また、どのウイルス対策ソフトを選択すればいいか迷っている方は、以下の記事を参考にしてください。
参照【23年最新】おすすめセキュリティソフト8製品を比較!価格やスマホ向け比較まで
autorun.inf ウイルス感染からの復旧方法
もしUSBメモリ経由でウイルスに感染してしまったら、どうしたらよいのでしょうか。USBメモリ経由で感染したウイルスも、他のウイルスと同様に処置することができます。

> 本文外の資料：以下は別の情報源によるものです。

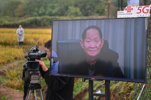 11月2日,袁隆平院士在位于长沙的湖南杂交水稻研究中心与测产现场进行视频连线。新华社记者 陈泽国 摄

- パソコンからLANケーブルを引き抜き、インターネットから切り離します
- ウイルス対策ソフトでパソコンを完全スキャンする
- 検出したウイルスを駆除します
- 「autorun.inf」ファイルも削除します
- パソコンをインターネットに接続して、再度、完全スキャンを実施します
- ウイルスを検出したら、ふたたびLANケーブルを引き抜きウイルスを駆除します
- USBメモリを完全スキャンするか、フォーマットをして安全な状態にします
このような手順でウイルス感染から復旧できます。注意点として、ウイルスに感染したパソコンにUSBメモリが接続されている場合、パソコンからUSBメモリにウイルスが感染することがあるという点です。USBメモリにウイルスが感染した場合もパソコンと同じように駆除できますが、できればフォーマットした方が安全です。
USBメモリ内にautorun.infファイルを作らせない方法
USBメモリの中に予め「autorun.inf」フォルダを作成することで、ウイルスがautorun.infファイルを作成することを妨害できます。ポイントは「autorun.inf」という名前の「フォルダ」を作る点です。フォルダを作る事でファイルの作成を妨害できるのです。しかし、最近のウイルスはこの方法で対策していても、ウイルスによってautorun.infが作られてしまうケースもあります。完全な対策ではなく、予防策の一つくらいにお考え下さい。
まとめ
autorun.infの設定による自動実行機能はWindows標準の機能であり、それを利用したウイルスの感染の事例は多数報告されています。特にUSBメモリからウイルスに感染する報告は2009年あたりから急速に増えてきました。USBメモリからのウイルス感染防止のポイントは自動実行を行わないということです。そのための方法をいくつか紹介してきましたが、万が一のことも考え、ウイルス対策ソフトを導入し、パターンファイルを最新のものにしておくといった、基本的な対策も必要不可欠です。